Abraham noted the lack of funding with which schools are grappling as they try to reopen. The effects of 2008’s Great Recession were still lingering when the pandemic hit, he said. Now budgets are being cut all over the country. “We need the resources that the HEROES Act would provide,” he added, referring to the emergency aid to state and local governments and schools that was passed by the House, but has been blocked from consideration in the Republican-controlled Senate.
When Trump says it is too expensive to comply with science-based safety guidelines, Abraham said, the only proper response is: “How much is a life worth?”
Florida has become the new epicenter of the pandemic, Ingram said, noting that on the day of the roundtable event 120 COVID-19 deaths were recorded in his state. Nevertheless, Florida’s governor is moving to “open our schools, no matter what.”
That approach is driven by politics, not science, Ingram said. “We’re simply asking for the things that public health experts say are necessary.”

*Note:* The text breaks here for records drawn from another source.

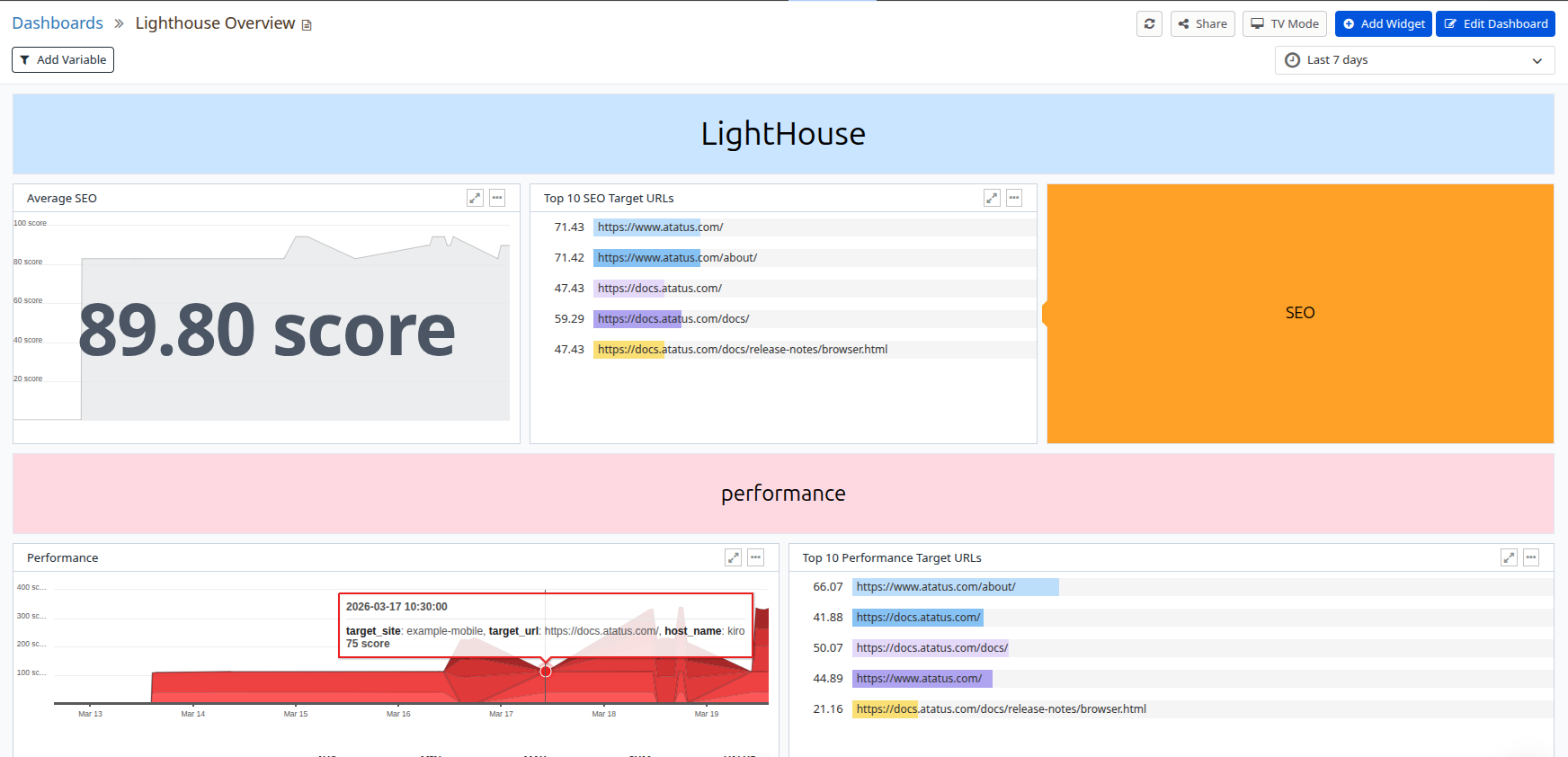 Released on: February 2026Atatus Lighthouse Monitoring automates Google Lighthouse audits across your web pages, continuously tracking performance scores, accessibility compliance, SEO health, and best practices adherence. Stay on top of web quality metrics without manual testing.
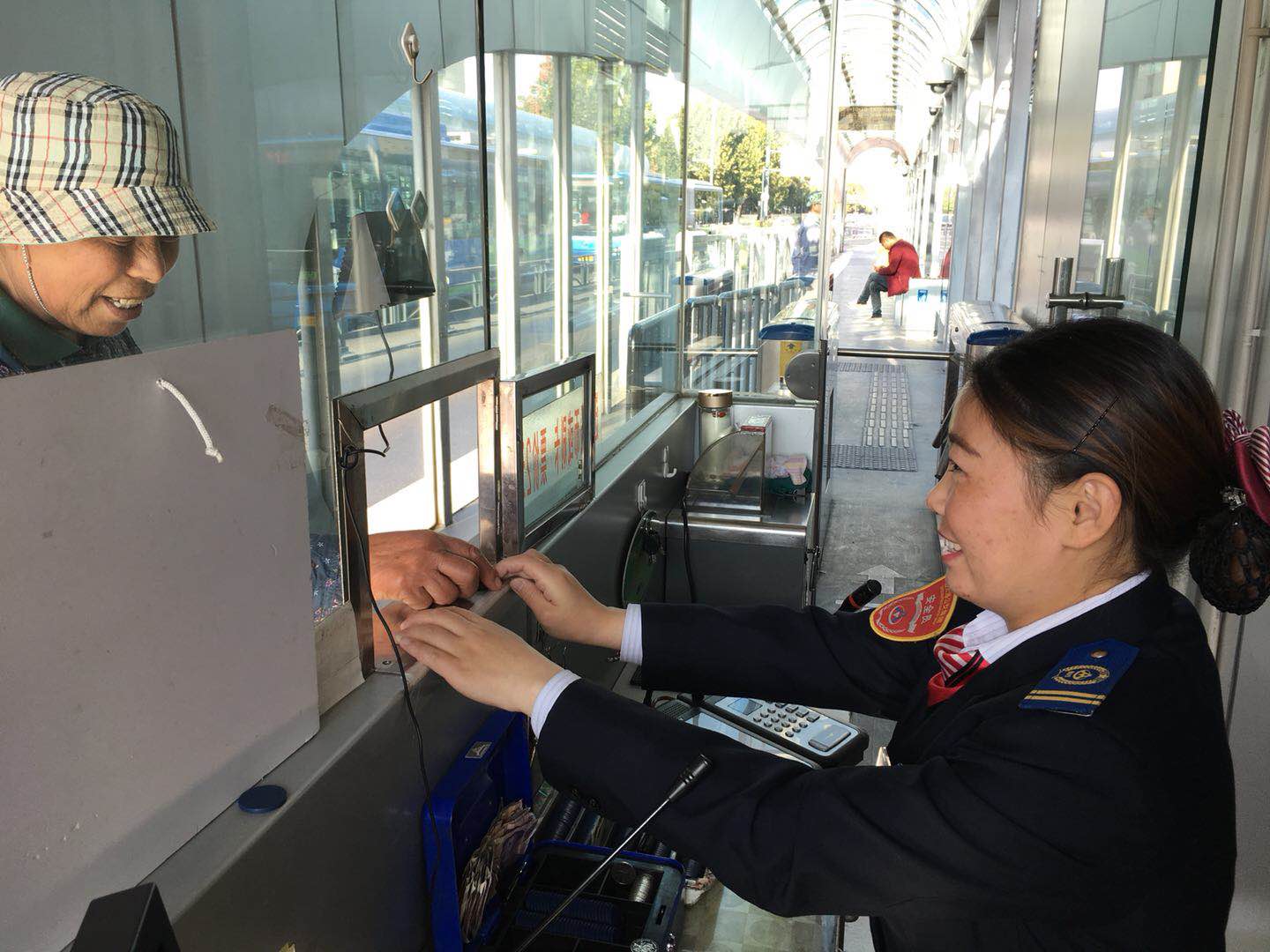 曾經(jīng)在振華路站臺發(fā)生過這樣一件事,那天是站務(wù)員王梅值班。一位大爺晚上一身酒氣的要來坐車,開始,王梅只以為是一名醉漢要來找麻煩,后來看他表情是真著急,一直用手指在玻璃上寫著公安,王梅以為要找110。由于這位大爺是個啞巴,幾名熱心乘客上前幫忙最終也沒能理解大爺想要表達(dá)什么。在王梅的耐心安慰下,老人把他女兒電話從錢包里掏出來了,經(jīng)過聯(lián)系,終于明白老人是要去公安小區(qū)??粗先诉M(jìn)了站坐上車,王梅又主動撥打了老人女兒的電話,告知了車牌號以及公交車到站的大概時間,讓老人的女兒到車站接老人回家。
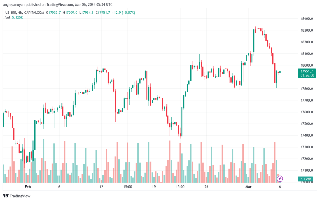 انهى سعر مؤشر ناسداك للأسهم الامريكية التكنولوجية (الرمز NASDAQ) الهبوط التصحيحي المؤقت بعد اختباره للدعم الأولي المستقر عند مستوى 17800.00، ومن ثم ارتد مباشرة نحو مستوى 17980.00 بهدف تأكيد السيناريو الصاعد للتداولات القادمة كما كان متوقعًا سابقًا.
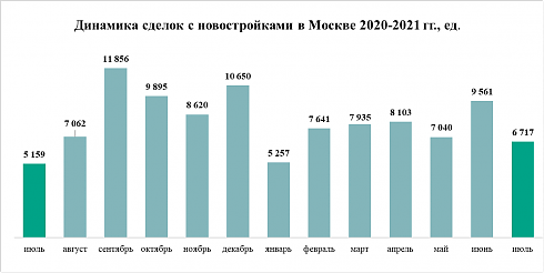 В июле Росреестр Москвы зарегистрировал 6,7 тыс. договоров участия в долевом строительстве, что на 30% меньше, чем в июне (9,6 тыс.), но на 30% больше, чем в июле 2020 года (5,2 тыс. сделок). Таким образом, по мнению экспертов «Метруим», в июле спрос на строящееся жилье в столице сократился относительно предыдущего месяца, но в целом остался на высоком уровне, так как в июле прошлых лет сделок было меньше: в 2019 году – 5,7 тыс., в 2018 – 6,3 тыс. в 2017 – 3,7 тыс.
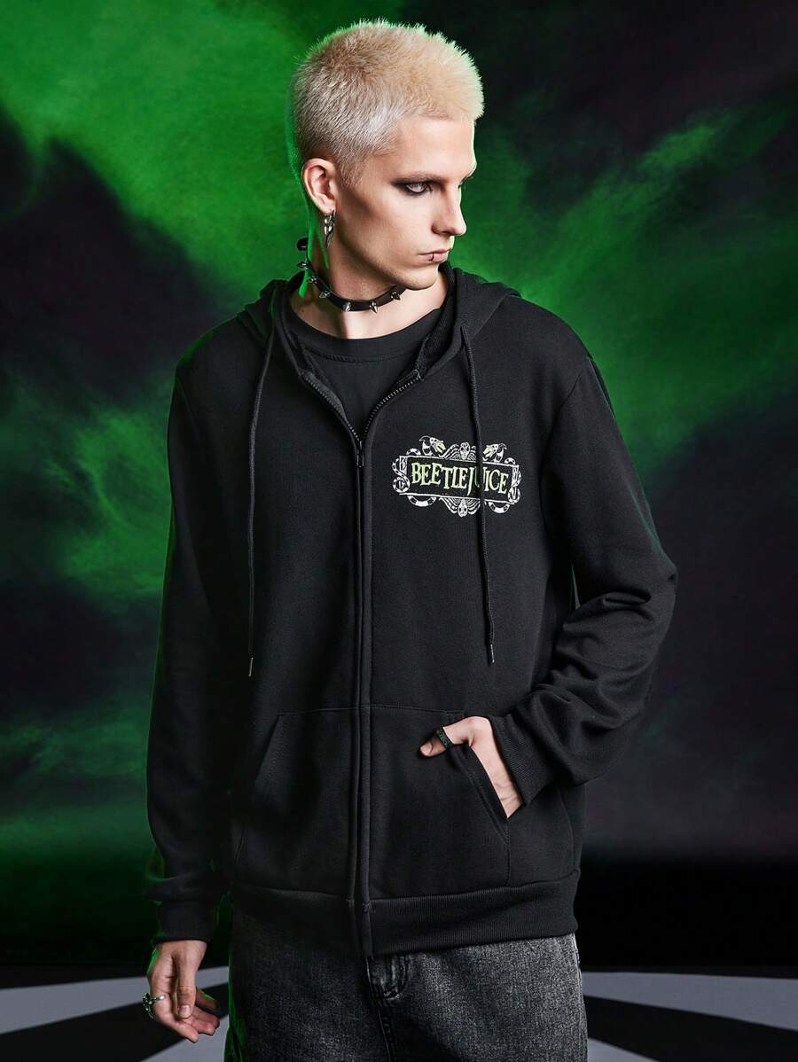 Beetlejuice | ROMWE Men's Street Dark Style Letter & Insect Print Dropped Shoulder Loose Zip-Up Hoodie With Drawstring, Spring/Autumn
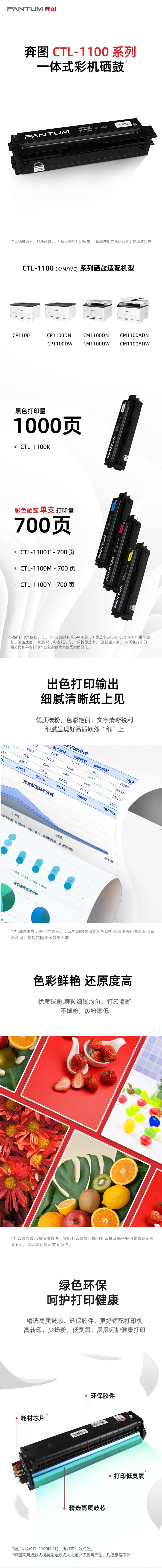 奔图(PANTUM) CTL-1100M 粉盒 700页 适用机型CP1100/CP1100DN/CM1100DN/CM1100DW/CM1100ADN/CM1100ADW 品红/洋红(单位:支)
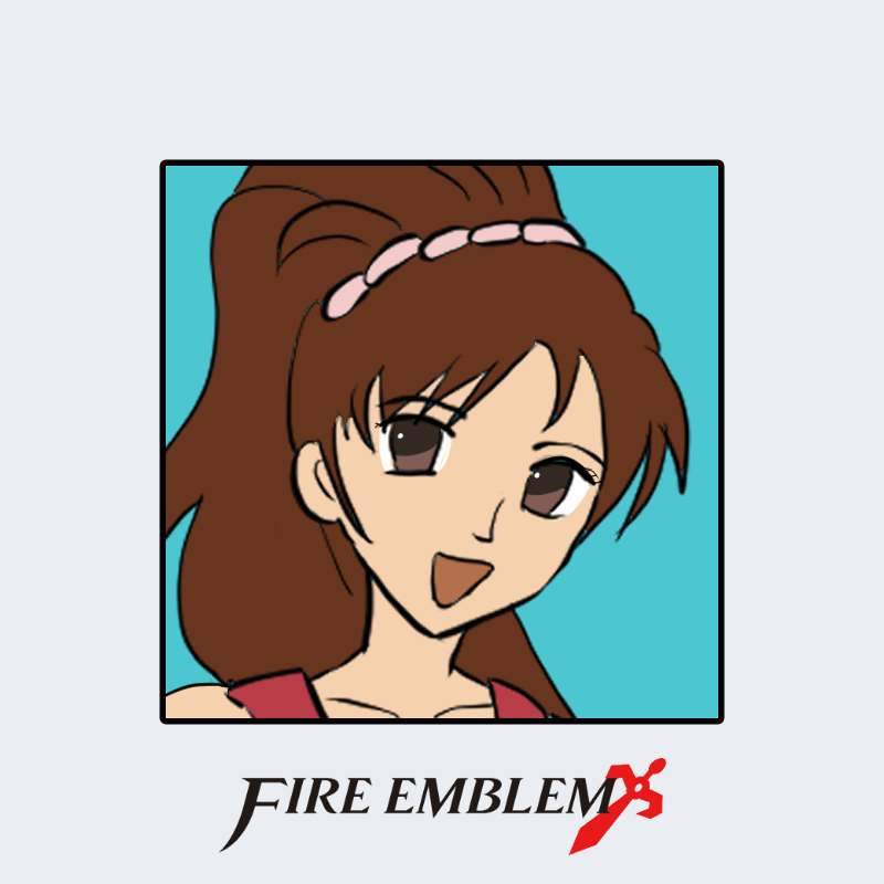『ファイアーエムブレム』シリーズに登場するリンダは、茶色の長髪を高い位置で束ねたポニーテールが特徴的な女性キャラクターである。髪は後方へまとめられつつも自然な広がりを持ち、前髪はやや短く、額の形を際立たせる構造になっている。頭部には白い装飾バンドが巻かれ、動きのある軽装衣装と調和している。全体として動作性を重視した造形であり、「軽装魔導型」に分類される。
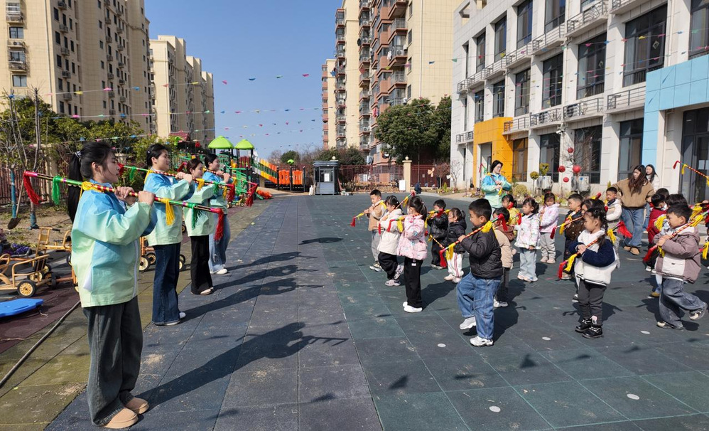 活动以一场充满民俗韵味的打莲湘活动欢乐开启,中班幼儿与志愿者携手参与,在志愿者的耐心指导下,孩子们手持莲湘,跟着明快的节奏抬手、挥臂、跳跃,清脆的竹板碰撞声与欢快的笑声交织在一起,孩子们在沉浸式的互动体验中,感受着传统民俗文化的灵动乐趣,体会着合作相伴的美好。
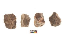 | Description / विवरण | There are n 4 of utilized worked cores and show irregular scar pattern on both dorsal and ventral side. Three havea broken tip. |
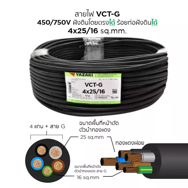 สายไฟ VCT-G 4x25/16 ตร.มม. YAZAKI
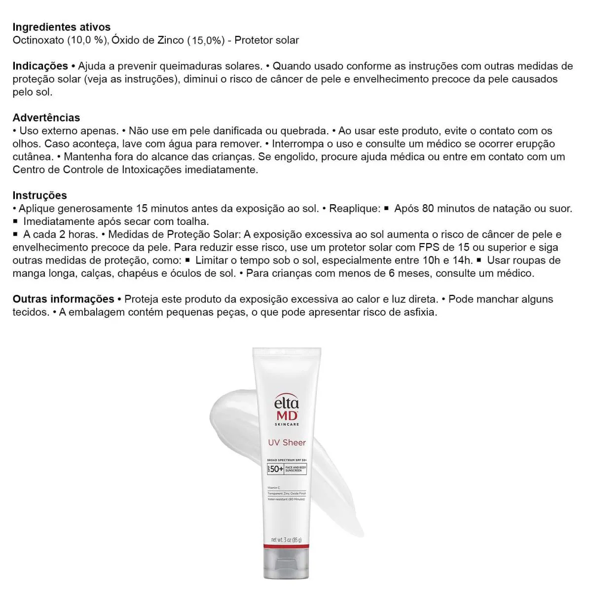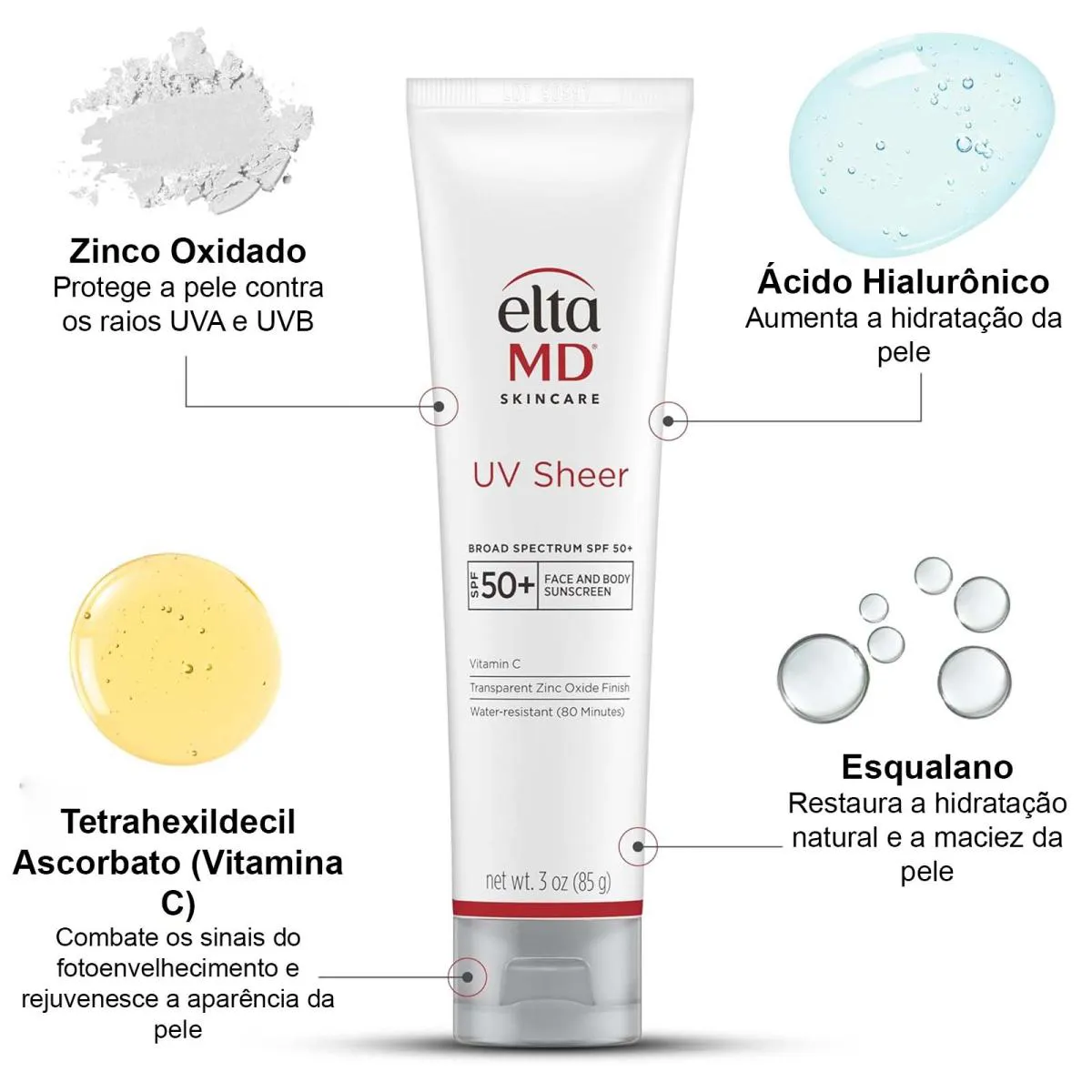 O Protetor Solar EltaMD UV Sheer FPS 50+ é um produto de proteção solar desenvolvido para uso diário no rosto e corpo, com textura leve e acabamento transparente. Serve para proteger a pele contra os raios UVA e UVB, oferecendo amplo espectro de proteção solar, sendo adequado para diferentes tipos de pele e resistente à água por até 80 minutos, ideal para atividades ao ar livre e exposição solar prolongada.

Roundtable participants also answered some questions sent in by AFT members across the country. Stacy Davis Gates of the Chicago Teachers Union asked how school communities can be fully resourced in these times of COVID-19 and Black Lives Matter to address the needs of Black and Latinx students and community members.
Jill Biden said, “Racial inequities have to be addressed.” As the nation recovers and is able to move on from the pandemic, “we have to build back better.”
Jeff Whittle and Donna Jackson, both PSRP members in Michigan, asked how school support staff—from bus drivers and office workers to food service workers and custodians—can be supported and kept safe as schools reopen.
Warren said, “This is a matter of respect. That’s why it’s so important that everyone—not just teachers, but all staff—have a voice and a seat at the table.”
As the discussion concluded, Weingarten gave voice to a thought shared by all of those participating. “We wish Joe Biden was president now, because we so need a partner in the White House.”
Jill Biden and Warren echoed that view. “Everyone has got to vote, so that this country can go in a new direction,” Biden said.
Warren’s advice: “When you feel frustrated, do something—one thing every day—to make change, to make sure we have a new president.”